• Record excerpts:
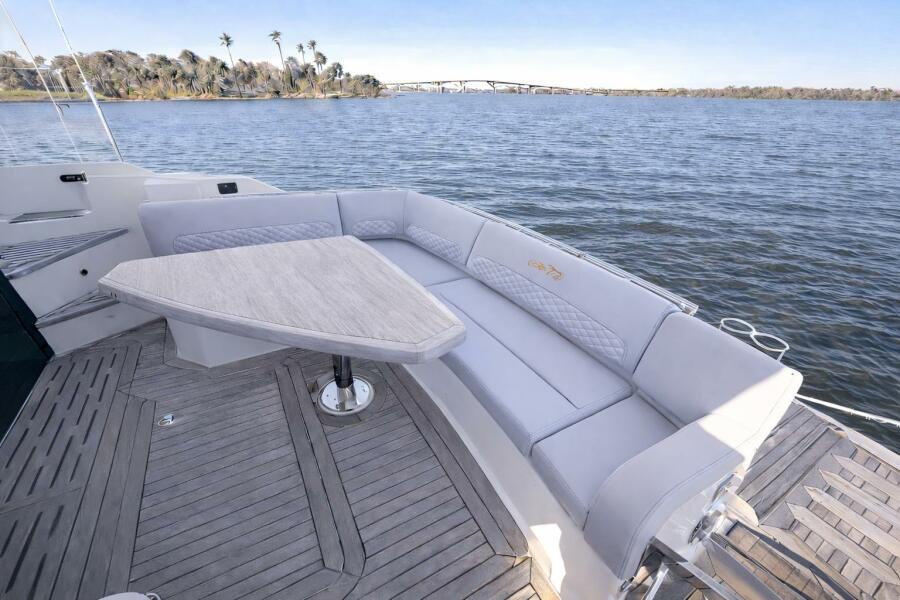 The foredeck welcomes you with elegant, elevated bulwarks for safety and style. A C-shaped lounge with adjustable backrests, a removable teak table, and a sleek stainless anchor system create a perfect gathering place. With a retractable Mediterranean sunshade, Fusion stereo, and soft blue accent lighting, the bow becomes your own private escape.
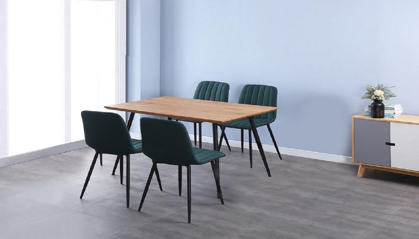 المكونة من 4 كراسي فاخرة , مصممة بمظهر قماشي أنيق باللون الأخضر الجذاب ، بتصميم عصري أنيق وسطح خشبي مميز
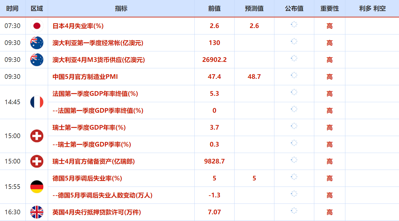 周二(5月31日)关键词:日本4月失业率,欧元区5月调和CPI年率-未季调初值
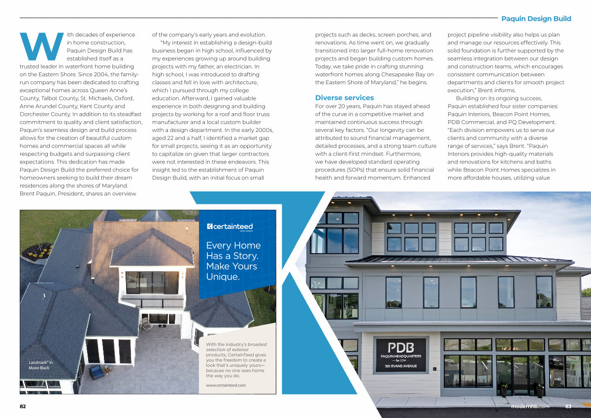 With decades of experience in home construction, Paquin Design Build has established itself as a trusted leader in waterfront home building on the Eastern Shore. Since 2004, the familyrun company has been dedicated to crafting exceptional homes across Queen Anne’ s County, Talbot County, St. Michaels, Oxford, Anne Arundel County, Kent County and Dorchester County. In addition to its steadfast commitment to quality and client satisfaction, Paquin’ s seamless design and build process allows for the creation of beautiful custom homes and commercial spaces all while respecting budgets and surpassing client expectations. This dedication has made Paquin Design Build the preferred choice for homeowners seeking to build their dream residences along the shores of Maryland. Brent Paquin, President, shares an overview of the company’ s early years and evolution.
* * *
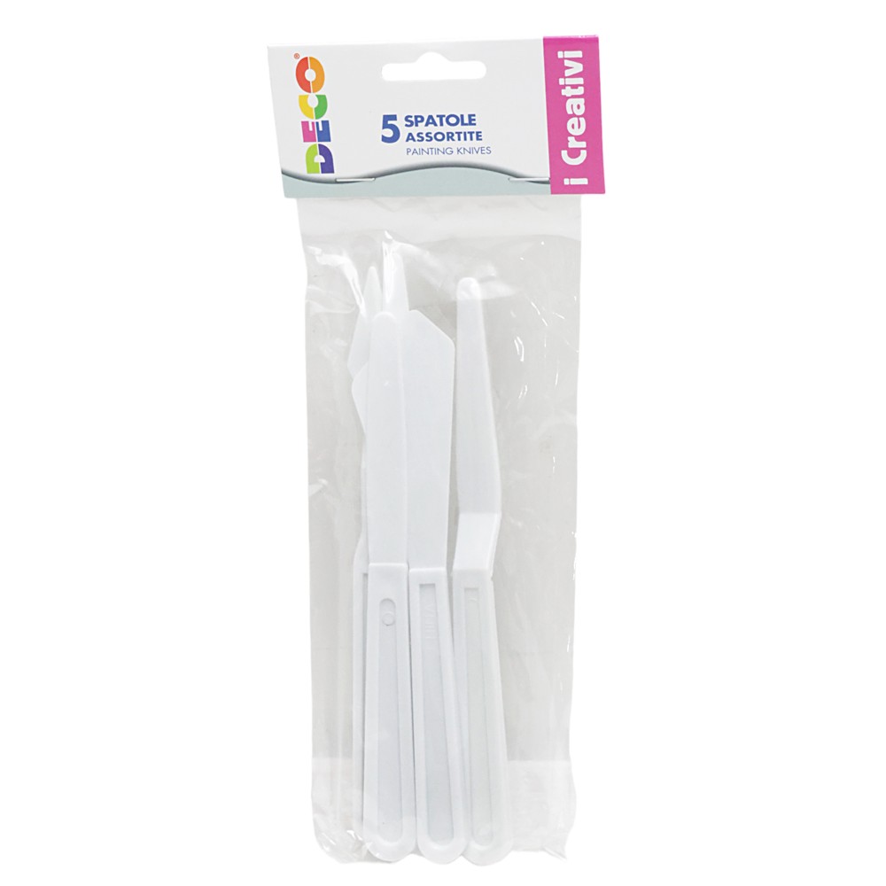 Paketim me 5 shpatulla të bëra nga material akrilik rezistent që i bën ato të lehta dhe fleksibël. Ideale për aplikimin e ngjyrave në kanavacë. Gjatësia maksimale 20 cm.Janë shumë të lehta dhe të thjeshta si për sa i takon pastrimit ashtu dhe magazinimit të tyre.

• Your instructions: Using the data above, output the line that has "The foredeck welcomes", the line that has "周二(5月31日)关键词:日本4月失业率,欧元区5月调和CPI年率-未季调初值", and whatever lines fall between, each exactly as it stands and without pictures.

• Exercise response:
 The foredeck welcomes you with elegant, elevated bulwarks for safety and style. A C-shaped lounge with adjustable backrests, a removable teak table, and a sleek stainless anchor system create a perfect gathering place. With a retractable Mediterranean sunshade, Fusion stereo, and soft blue accent lighting, the bow becomes your own private escape.
 المكونة من 4 كراسي فاخرة , مصممة بمظهر قماشي أنيق باللون الأخضر الجذاب ، بتصميم عصري أنيق وسطح خشبي مميز
 周二(5月31日)关键词:日本4月失业率,欧元区5月调和CPI年率-未季调初值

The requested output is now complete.